Cem Akaş’ın Tekerleksiz Bisikletler'de ilk kez kitaplaşan öykülerinin ortak noktası da işte bu: bilinçli "eksiltme’ler içermeleri. Bir öykü kısa eylem cümlelerinden kurulmuş, nerdeyse hiç sıfat ve zarf içermiyor. Bir başkası bir graffiticinin yaşadıklarını ele alıyor, kahramanın hızlı yaşamına uygun olarak cümlelerin son sözcüğü yok. Biri dünyaca tanınmış bir şiirin çok farklı bir kahramanın diliyle, söylemiyle düzyazı olarak yenidenyazımı. Bir başkası bir sınırın iki tarafına geçişlerden oluşuyor: Ama hangi tarafa? Bir öykü, okurun gözünden anlatıldı - tam böyle. Kimi öyküler bilinen roman kahramanlarının “duygu anıları"nı bağışladığı bir kütüphanenin raflarını oluşturuyor. Kimileri “kısa, çok kısa” ama beklenmedik ölçüde yoğun fotoğraf okumaları. Kimi de bir romanın serbest yenidenyazımı... 
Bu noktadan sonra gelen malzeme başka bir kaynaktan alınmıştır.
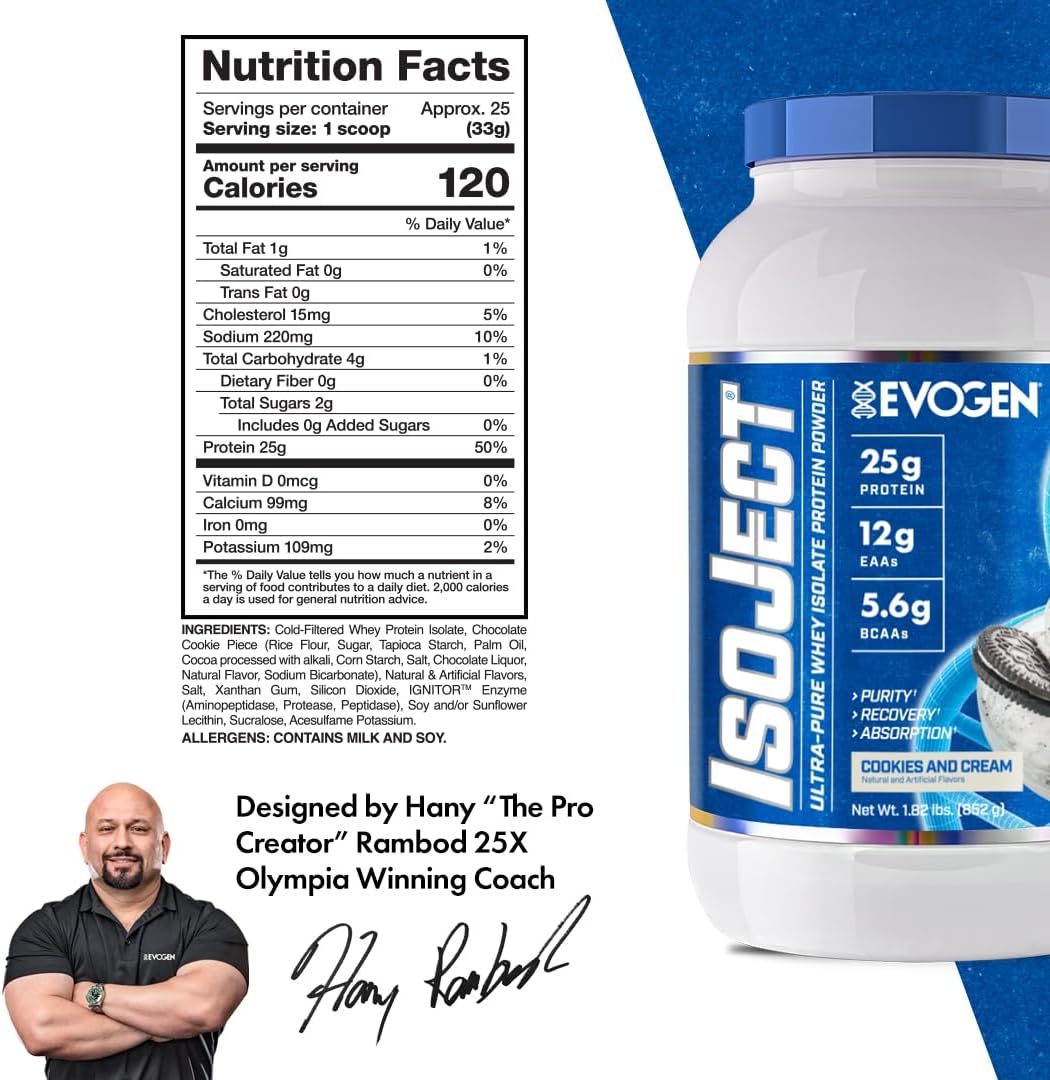 About this item ULTRA-PURE WHEY PROTEIN ISOLATE – Isoject’s triple cold-filtration process delivers a premium whey protein isolate that ensures maximum purity, rapid absorption, and easy digestion to support muscle growth and recovery. IGNITOR DIGESTIVE ENZYMES FOR ABSORPTION – Isoject includes the advanced Ignitor enzyme blend to enhance protein breakdown and optimize amino acid release, including BCAAs and EAAs, for superior results with every scoop. ALL-DAY ANABOLIC SUPPORT – Packed with essential nutrients, Isoject provides Branched Chain Amino Acids (BCAAs) and Essential Amino Acids (EAAs) to fuel recovery, muscle growth, and overall performance for athletes at any level. CLEAN NUTRITION FOR OPTIMAL RESULTS – Free from fillers and unnecessary additives, Isoject is a clean whey protein powder option, perfect for shakes, smoothies, or recipes, offering a delicious and smooth texture in every mix. DESIGNED BY THE PRO CREATOR – Developed by Hany Rambod, 25X Olympia-winning coach, Isoject is crafted using cutting-edge science to maximize recovery and gains, so you can train like a champion. See more product details,ULTRA-PURE WHEY PROTEIN ISOLATE – Isoject’s triple cold-filtration process delivers a premium whey protein isolate that ensures maximum purity, rapid absorption, and easy digestion to support muscle growth and recovery,IGNITOR DIGESTIVE ENZYMES FOR ABSORPTION – Isoject includes the advanced Ignitor enzyme blend to enhance protein breakdown and optimize amino acid release, including BCAAs and EAAs, for superior results with every scoop,ALL-DAY ANABOLIC SUPPORT – Packed with essential nutrients, Isoject provides Branched Chain Amino Acids (BCAAs) and Essential Amino Acids (EAAs) to fuel recovery, muscle growth, and overall performance for athletes at any level,CLEAN NUTRITION FOR OPTIMAL RESULTS – Free from fillers and unnecessary additives, Isoject is a clean whey protein powder option, perfect for shakes, smoothies, or recipes, offering a delicious and smooth texture in every mix,DESIGNED BY THE PRO CREATOR – Developed by Hany Rambod, 25X Olympia-winning coach, Isoject is crafted using cutting-edge science to maximize recovery and gains, so you can train like a champion

Kıssadan hisse: “Bir kitabın adı ‘Tekerleksiz Bisikletler’ olabilir ama kitapta bir kez olsun tekerlekli ya da tekerleksiz bisikletlerden söz edilmeyebilirdi; yine de kitap, ancak bu başlıkla bütünlüğe kavuşabilir, gerçek anlamını bu sayede, gökyüzünde uçan, tekerlekler yerine kanatları olan ve eksik tekerleklerini asla aramayan, hatta tekerleklerin gereksizliğini kanıtlayan bu imge sayesinde kazanabilirdi.”